• _SUPPLIED INFORMATION_
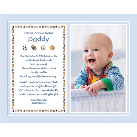 Cute personalized gift for a new Dad for Christmas or his birthday. It will be proudly displayed for years to come as the first gift from his baby. Poem is written in a "child-like typeface." Personalize with the child's name and an adorable photo. This personalized print can be framed in a standard 8x10 inch picture frame after delivery.
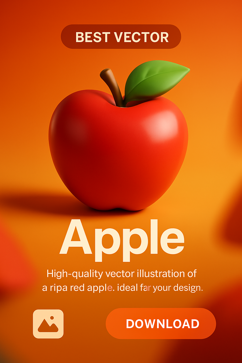 This image is a vector graphic of a shiny red apple with a green leaf, designed for use in digital projects. It features a smooth, 3D style against an orange background.
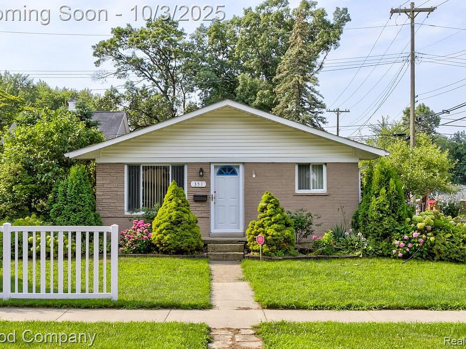 Charming brick ranch on a corner lot steps from downtown Clawson offers great indoor and outdoor space with a cozy, welcoming layout. Beautiful curb appeal greets you with a white picket fence, lush landscaping, and vibrant flowers lining the walkway. Step inside to a bright and airy living room featuring hardwood floors and a large picture window. The spacious eat-in kitchen includes tile flooring, plenty of cabinetry, updated appliances, and a new gas range and microwave. Down the hall, three comfortable bedrooms share a sleek, fully updated bathroom with stylish tile and a glass door tub/shower combo. The partially finished basement is perfect for entertaining, complete with a retro bar, gas fireplace, second kitchen, laundry area, and loads of storage. Enjoy time outdoors in the peaceful backyard with a patio area surrounded by mature greenery and a detached 1.5 car garage. Welcome Home!

• _TASK ITEM_
Give again, exactly, the lines from the start of the data through the one holding "This image is"; omit the pictures.

• _RESPONSE AREA_
 Cute personalized gift for a new Dad for Christmas or his birthday. It will be proudly displayed for years to come as the first gift from his baby. Poem is written in a "child-like typeface." Personalize with the child's name and an adorable photo. This personalized print can be framed in a standard 8x10 inch picture frame after delivery.
 This image is a vector graphic of a shiny red apple with a green leaf, designed for use in digital projects. It features a smooth, 3D style against an orange background.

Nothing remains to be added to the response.